The subproof is completed by applying H6.
Apply H3 with
λ x3 x4 : ο . x4 ⟶ 1 ∈ x1.
Assume H6: 1 ∈ x1.
The subproof is completed by applying H6.
Apply H4 with
λ x3 x4 : ο . x4 ⟶ 2 ∈ x1.
Assume H6: 2 ∈ x1.
The subproof is completed by applying H6.
The subproof is completed by applying H5.

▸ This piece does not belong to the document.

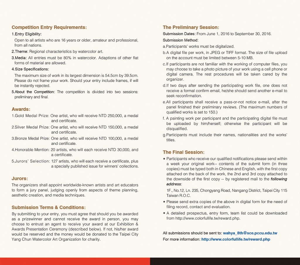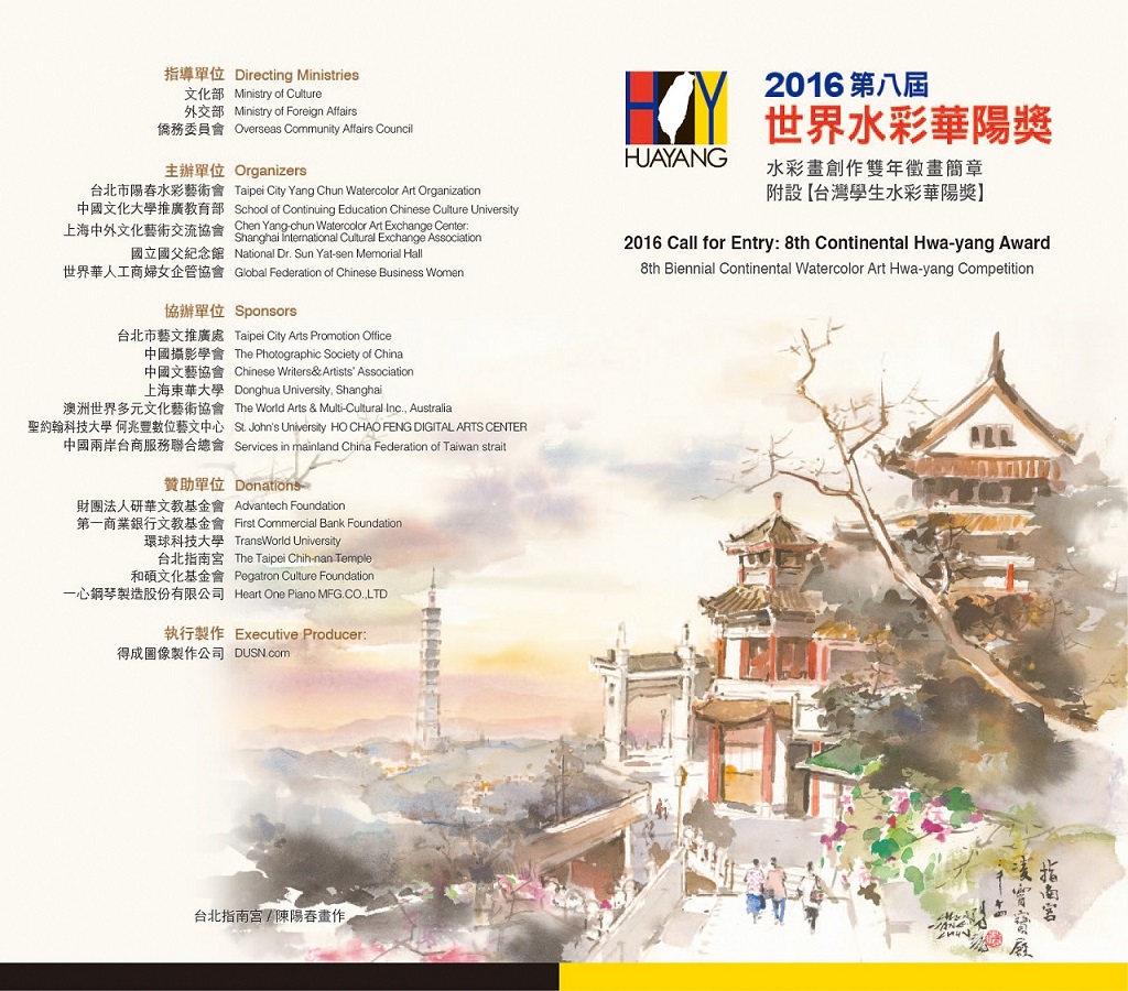 | 2016/08/19 轉知中國文化大學辦理2016第八屆世界水彩華陽獎暨台灣學生華陽獎徵件 |

Let x2 of type ι be given.
Assume H5: x2 ∈ x1.
Apply cases_3 with
x2,
λ x3 . x3 ∈ x1 ⟶ x3 ∈ x0 leaving 5 subgoals.
Apply H1 with
x2.
The subproof is completed by applying H5.
Apply H2 with
λ x3 x4 : ο . 0 ∈ x1 ⟶ x4.
Assume H6: 0 ∈ x1.
The subproof is completed by applying H6.
Apply H3 with
λ x3 x4 : ο . 1 ∈ x1 ⟶ x4.
Assume H6: 1 ∈ x1.
The subproof is completed by applying H6.
Apply H4 with
λ x3 x4 : ο . 2 ∈ x1 ⟶ x4.
Assume H6: 2 ∈ x1.
The subproof is completed by applying H6.
The subproof is completed by applying H5.